Author: Jonty Skrufff
Monday, May 9, 2005
Bootlegs of the Sisters Of Mercy's underground anthem Alice popped up in London record shops this week, suggesting the massively influential Goth legends could be about to become the latest early 80s club pioneers to enjoy a career reappraisal.

Sources at one shop confidently insisted Soulwax are behind the track though the Low Power alias means in reality anybody could have made the high energy remake.

Despite being regularly ridiculed by mainstream media, as the Goth movement they helped inspire ossified beyond belief, the highly experimental rock band were one of the first to rely totally on drum machines, creating dance floor friendly rock music that dominated early 80s new wave clubs from London to New York and beyond.
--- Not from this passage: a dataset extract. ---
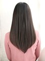 おろし流しの前髪にさらっと落ちる様に伸びるストレートスタイルです。ツヤ感のあるスタイルは上品で人気です。

Chatting to Jonty Skrufff in 1994 highly elusive Sisters mainman Andrew Eldritch admitted he developed a taste for "stupidly minimal and really daft' techno that used the same Roland 808 machines, though revealed he was less keen on the club culture that came with it.

"I don't take the right drugs to deal with the loud music and the crowds at raves, I'm basically still the same guy who left university and I don't feel comfortable in large crowds, they worry me and they make me nervous," he admitted.

"There are crucial barriers. A speed (amphetamine) person wouldn't do things in a large crowd which an ecstasy person would be perfectly happy doing. I think there are crucial differences, particularly that whole "I love everybody idea'. I really can't handle that," he explained.